Second floor of an old house in Champaign-Urbana, Junior year. Cockroaches, a metal shower stall that leaked thru the ceiling into the apt below. Broken furniture including an beauty salon chair with a back that reclined. Probably the shittiest place I’ve ever lived. (And I lived in 10 different places during my 8 years at school.)

And when we moved out, the Nazi landlord tried to w/hold our security deposit, giving us an early experience of suing - and prevailing - in small claims court.

I still remember the classifieds ad title; “Super Studio”

It was what must have been converted from a garage, since the entrance was through a modern sliding glass door ( and the only “window” in the place ) from the driveway, the rest of it being largely underground as it was basement level of a 2-story Dutch colonial style house built into a hillside.
One decent sized room with wood veneer paneling, carpeting, a fairly new kitchenette of a sink and mini-refrigerator.
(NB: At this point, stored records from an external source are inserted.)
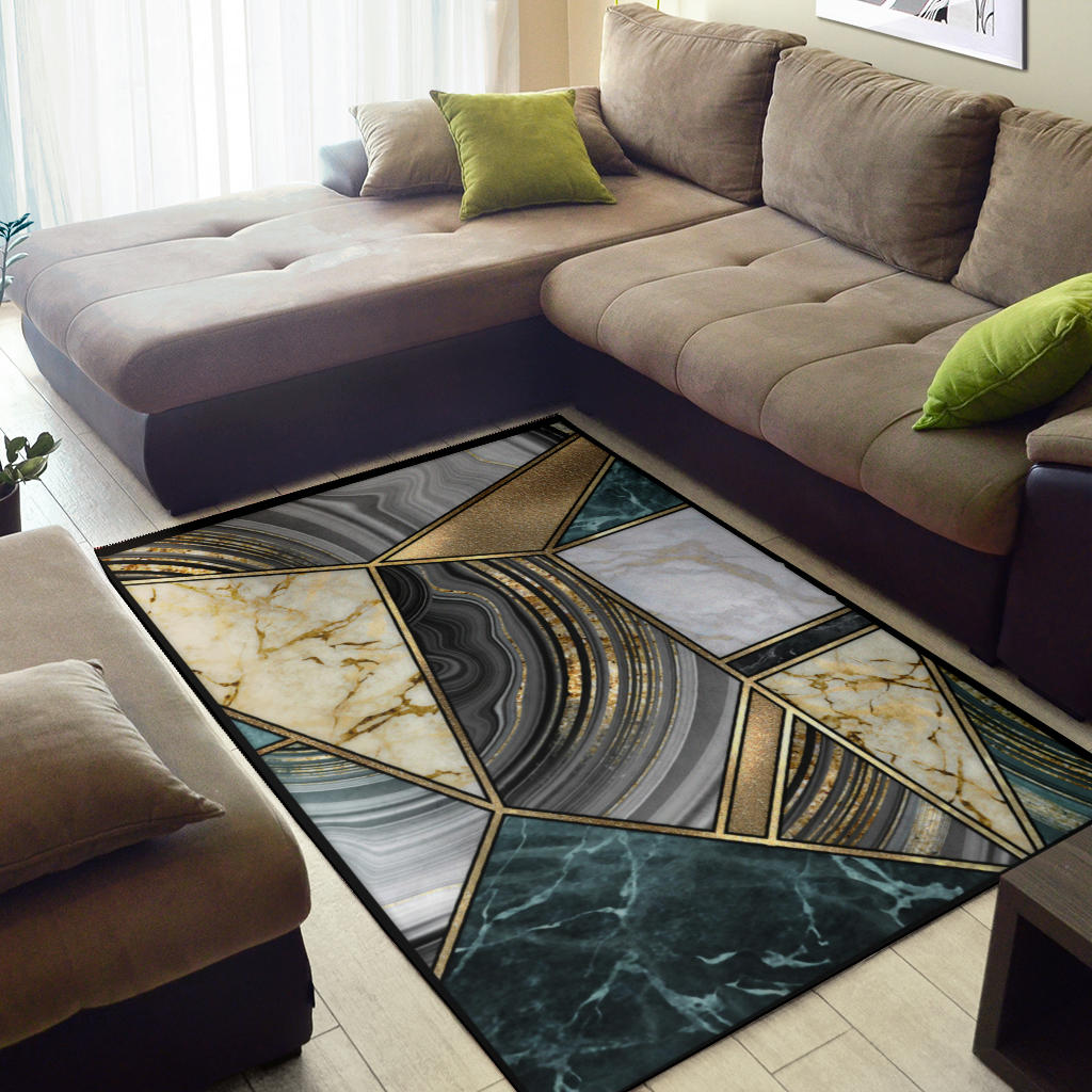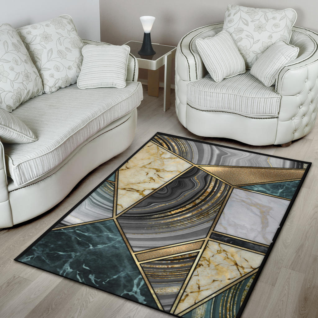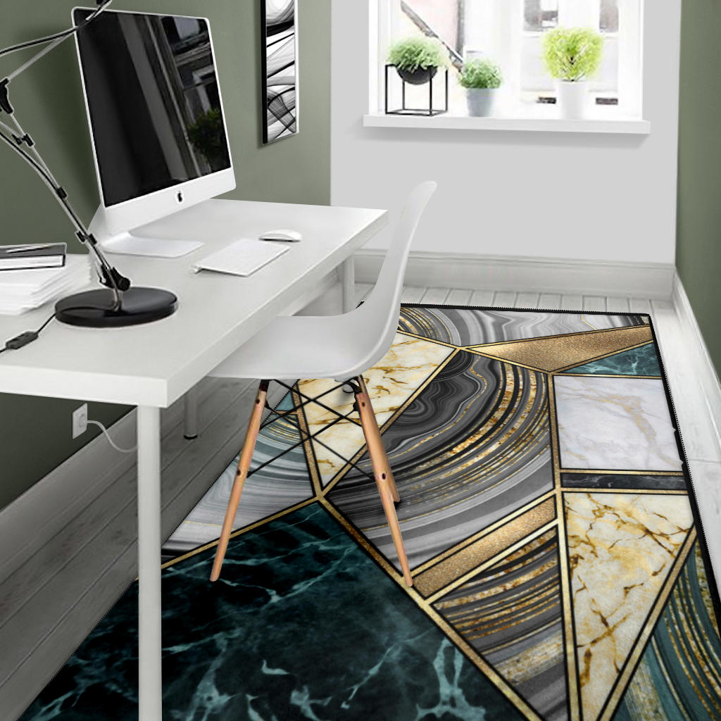 Faux Marble Geometric Gold Area Rug
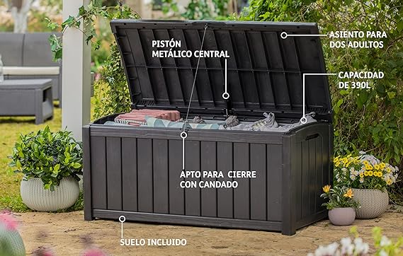 Este modelo ofrece una capacidad aproximada de 390 litros, suficiente para guardar cojines, accesorios de terraza, herramientas ligeras, productos de jardín o distintos objetos de exterior de uso habitual.
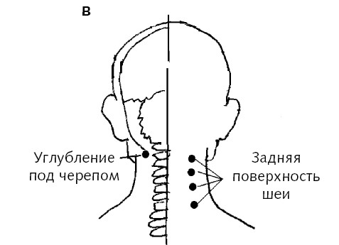 в). Затем еще раз надавите на точки затылка (рис. 73, а) большими пальцами.
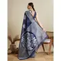 Blue Color Soft Silk Fabric Wevon Flower Designer Stylish Partywear Saree

Cooking was a microwave ( mine ). A small modern bathroom consisting of a sink, vanity cabinet and stall shower. In a pleasant leafy suburban neighborhood.
I liked the place, and it had a very convenient location for my situation then.

I spent the summer of 1976 in a one room third-floor place in Ketchikan AK. Murphy bed. No kitchen to speak of. The radiator made so much noise there was no way to sleep (yes, you need heat in the summer in Ketchikan). Also, the building was adjacent to a bar that closed at 5:00 a.m. All the drunks would pour out onto Dock Street and make a rukus until the bars opened again (7:00 a.m.? I can’t remember.)

But, it was a very fun time for a 16 year old.

Fourth (but not last) year of college. A friend and I rented a rather small apartment. But it was only a half mile from school (where I also worked as a lab tech). Basically there was one room, with a couch on opposite walls, where we slept and a desk in the window between them that we shared. Plus a small but adequate kitchen and a minimal bath with toilet, sink, and shower and not much else. It cost only $50 a month and, during the summer if only one occupant it dropped to $25. That was in 1957-59 and we left after two years. I still have pleasant memories of the place though.

First apartment was in college, my younger brother got a 2 bedroom after his first year (you had to live in the dorms your first year) and I transferred schools to live with him.

It was great. 2 bedroom, 1 bath. About 900 square feet which was enough for both of us. We’d drink and watch Ali G together. I miss it. The bathroom even had a linen closet inside (its the only 1-2 bedroom apt I’ve been in with a linen closet in the bathroom).

Privacy was never an issue. I’ve lived in other apartments and while hearing your next door neighbor is pretty rare in apartments, you can usually hear the people above you. That was never an issue at this place, but was an issue at every other apt I’ve been in.